にぱっと笑った桜は、顔を青くして硬直したアレンの腕に手をかけ、そのままずるずると神田から引き離しベンチへと引き摺って行った。そのおかげで体育館は倒壊せずにすみ、それが争いをさけるための桜の策略だったわけだが、その代償に衝撃的な事実を聞かされた神田とアレンがいろいろな意味で大打撃を受けたのは致し方ないことだろう。

「…ゔ…ぼ、僕はそんな趣味ないですから…」
「解ってるよもー、ほらしゃんとして!試合までにちゃんと回復しといてよね」
「ちょ、さっきの話詳しく…俺の?何でしたっけ…?」
「ざーんねん私すぐ出なきゃいけないからねアディオース」
「えっちょっと桜!」

髪を高く結い直しながらコートに走っていく桜の背中に向かって咄嗟に手を伸ばしたが、しかしアレンははあと絶望的な溜息を吐いてがくりと項垂れた。気分悪…。ちらりと敵ベンチを盗み見れば神田も同じような状態で、タオルを顔に被り天井を仰ぐ、はたまた船酔いしたような態勢でいたので少し気味がよかった。いや自分も同じようなもんだけど…
試合開始のホイッスルを聞いて、アレンは目頭を強く揉んで顔を上げた。前半5分女子、後半5分男子。試合が終わったら問い詰めよう、今はとりあえず応援だ。

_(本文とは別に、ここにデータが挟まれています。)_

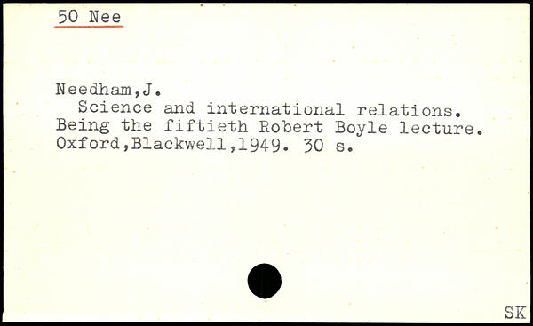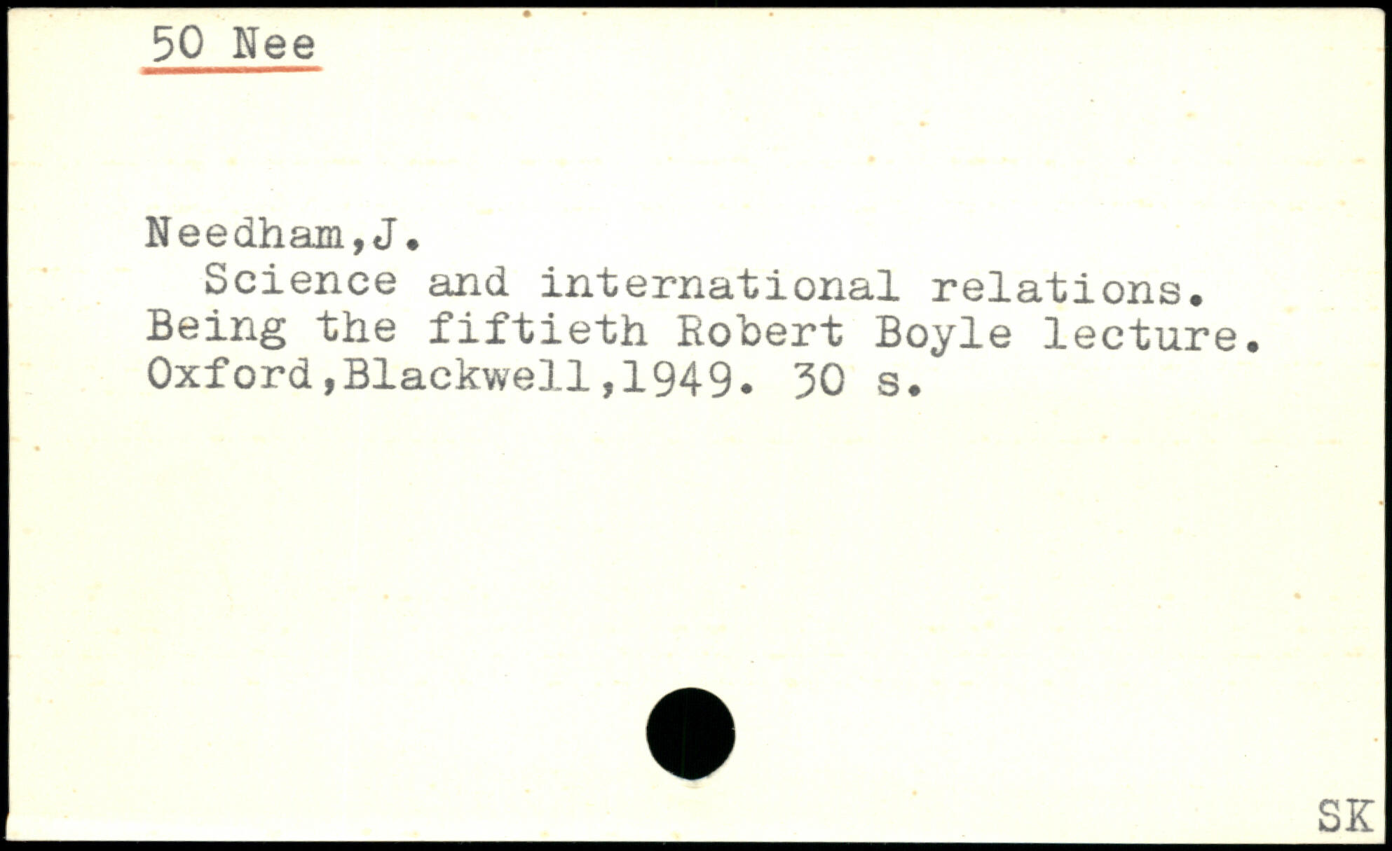 Science and international relations. Being the fiftieth Robert Boyle lecture.

ジャンプボールには、身長が足りなくて辞退した。一番長身の子がそれをかってでてくれたけど、相手の背がまた大きいこと。首がおかしくなりそうだ。
そして、どうも視線がちくちくと痛いのだ。警戒されていると思えばまあ普通なのだが、先輩たちが私を見る目はどうもナイフのように鋭くて、殺意に近いものまで感じる(まあそれは大袈裟だろうけど…あは、は)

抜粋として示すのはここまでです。